The First International Scientific Symposium on Agarwood was held at the Faculty of Forestry, Universiti Putra Malaysia (UPM), during 2013 under the auspices of Rozi Mohamed. “It revealed to us the very sophisticated lab work being done on gaharu (Agarwood), not just basic research,” said Rozi, who had received her trainings from the Oregon State University in the US in the fields of forest biotechnology and plant pathology.
“The scientists found ISSA 2013 to be very useful because of the collaboration being worked by those from China, Japan, Sri Lanka, Bangladesh, India, Vietnam, Australia, Indonesia and Malaysia,” she said. For Malaysia and China in particular, UPM would be sending one of her students to the labs in Beijing for research on gaharu.

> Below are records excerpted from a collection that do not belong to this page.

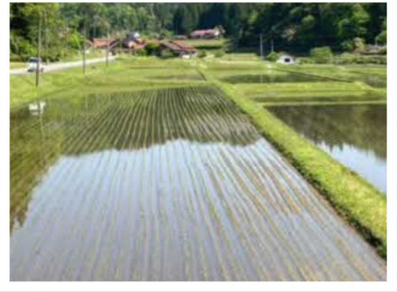
八色石の田園風景
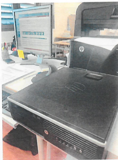
Ordenador sobremesa VICTUS.
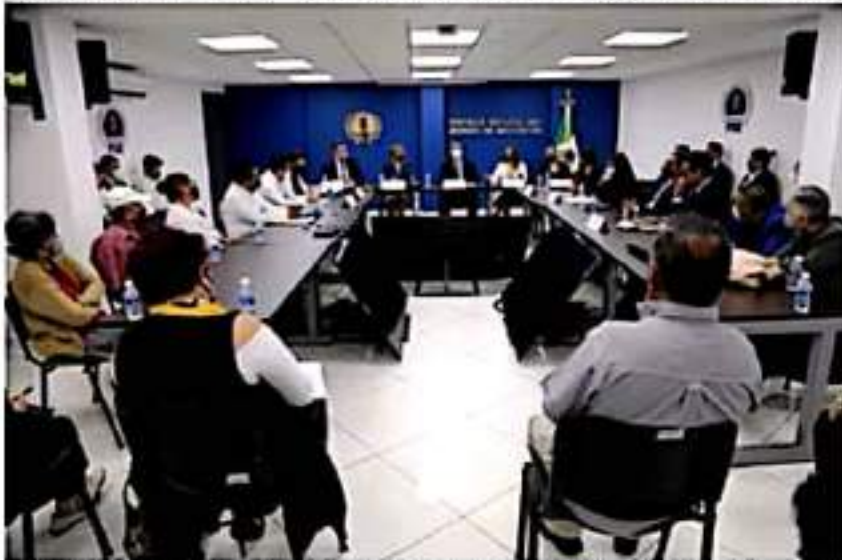
Aspecto de la reunión con integrantes de la Comisión Ejecutiva Estatal de Atención a Víctimas (CEEAV) y personas víctimas de delitos.
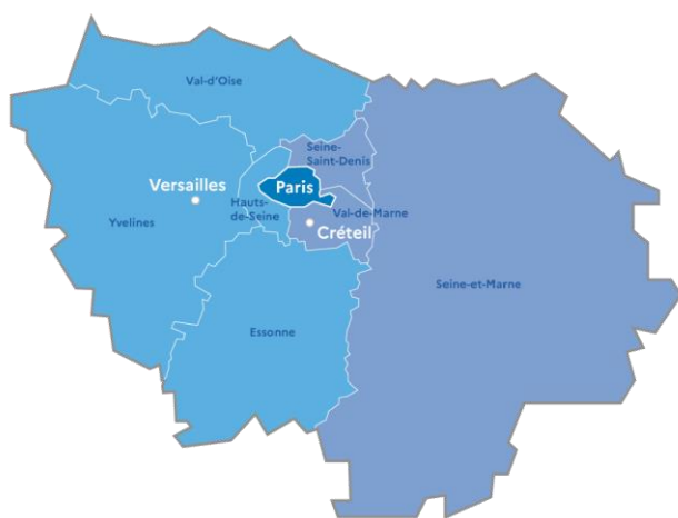
Carte : La région académique d'Île-de-France | Académie de Paris. www.ac-paris.fr/RAIDF
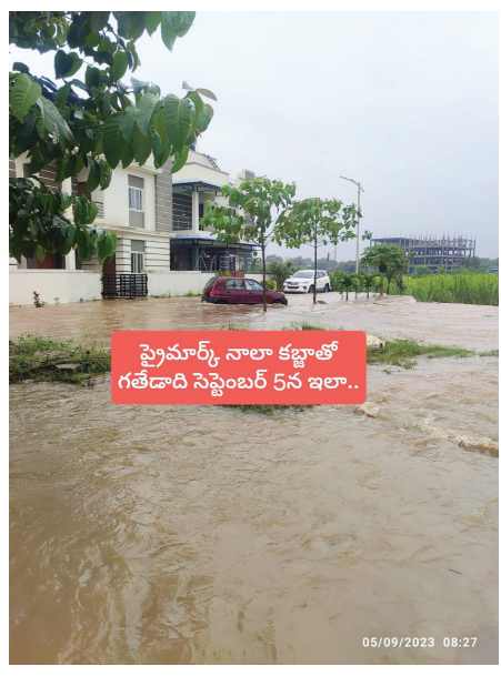
ప్రైమార్క్ నాలా కబ్జాతో గతేడాది సెప్టెంబర్ 5న ఇలా..

మేధ్యల్ జిల్లా దుండిగల్ మున్సిపల్ బహుదూర్పల్లిలోని శ్రీరామ్ అయోధ్య విల్లాల వాసులకు ఈసారి వరద విపత్తు తప్పదనే తెలుస్తోంది.. గత సంవత్సరం నీటిలో వాహనాలు కొట్టుకు పోతుంటే..! చోద్యం చూసిన రెవెన్యూ, ఇరిగేషన్, మున్సిపల్, హెచ్ఎండిపి అధికారులు..! అందుకు కారణమైన ప్రైమార్క్ పై చర్యలు చేపట్టలేక పోతున్నారు.. చెరువు నాలను కబ్జాచేసిన అక్రమార్కులే అధికారులు అధిక ప్రాధాన్యత ఇవ్వడం బాధాకరమని స్థానికులు ఆరోపిస్తున్నారు.. అధికారులు "ప్రైమార్క్ వెంచర్" నిర్మాణాలకు ఇంతగా సహకరించాల్సిన అవసరం ఏముంది.. రెవెన్యూ సర్వేయర్ శ్రీనివాస్ చారి 2019లో కక్కుర్తితో చేసిన పొరపాటు..! ప్రైమార్క్ టవర్లకు హెచ్ఎండిపి అనుమతులు లభించడానికి ప్రధాన కారణమైంది..! చేతులు కాలాక ఆకులు పట్టుకున్న చందంగా..! 2023లో మరో సర్వేయర్ చేసిన సర్వేలో ప్రైమార్క్ అక్రమార్కుల కబ్జా తతంగం బట్టబయలు అయింది.. సర్వేలో 17 గుంటల నాలా స్థలం కబ్జా చేశారని..! మరోవైపు ఉన్న చెరువు నాలను కూడా మట్టితో పూడ్చివేశారని గుర్తించారు.. సర్వేలో తప్పును గుర్తించిన అధికారులు.. ప్రైమార్క్ కబ్జాలపై చర్యలు తీసుకోకుండా కాలయాపన చేస్తున్నారు.. మరోవైపు వర్షకాలం సమీపిస్తుండటంతో..!

Among the established facts on Agarwood revealed at ISSA 2013 were: that the laxative properties of the leaves of the tree used as a traditional herbal tea are confirmed and the Japanese researchers concerned planned to launch their product soon; the resin is produced by the tree in response to attacks by fungi or microbes and that even young trees can be induced to produce the agarwood/gaharu resin through inoculation and infection; the leaves, when induced in the lab, can produce callus which, when burnt, gives a whiff of agarwood. This shows that the leaves and stems can be induced to produce the resin; improved methods revealed by Bangladeshi researchers have led to a hefty increase in extraction of agarwood oil when compared to traditional methods;
higher yields are obtained from infected plants than from healthy ones;
the fragrance of agarwood has yet to be artificially replicated; Aquilaria malaccenis or “karas” trees are typical of the genus as they can be planted as an estate plantation in the interiors for a sustainable economic activity of the minorities. Aboriginal people like the orang asli of Malaysia have been practicing sustainable extraction of gaharu in the wild for generations. The orang asli, the main sources of the highly prized gaharu from the Aquilaria malaccensis in Malaysia, use their parang or machetes to cut certain parts of the tree to extract the gaharu without killing the trees, enabling them to return every two to three years to extract gaharu again.
Rozi also reported that the most expensive gaharu costs around US$10,000 per kilo and is exported to Japan where the aficionados indulged in the practice of “listening” to the gaharu (the art is called Kōdō), meaning they would sit around a smoking gaharu chip in an enclosed room and meditate while relishing the twirling incense.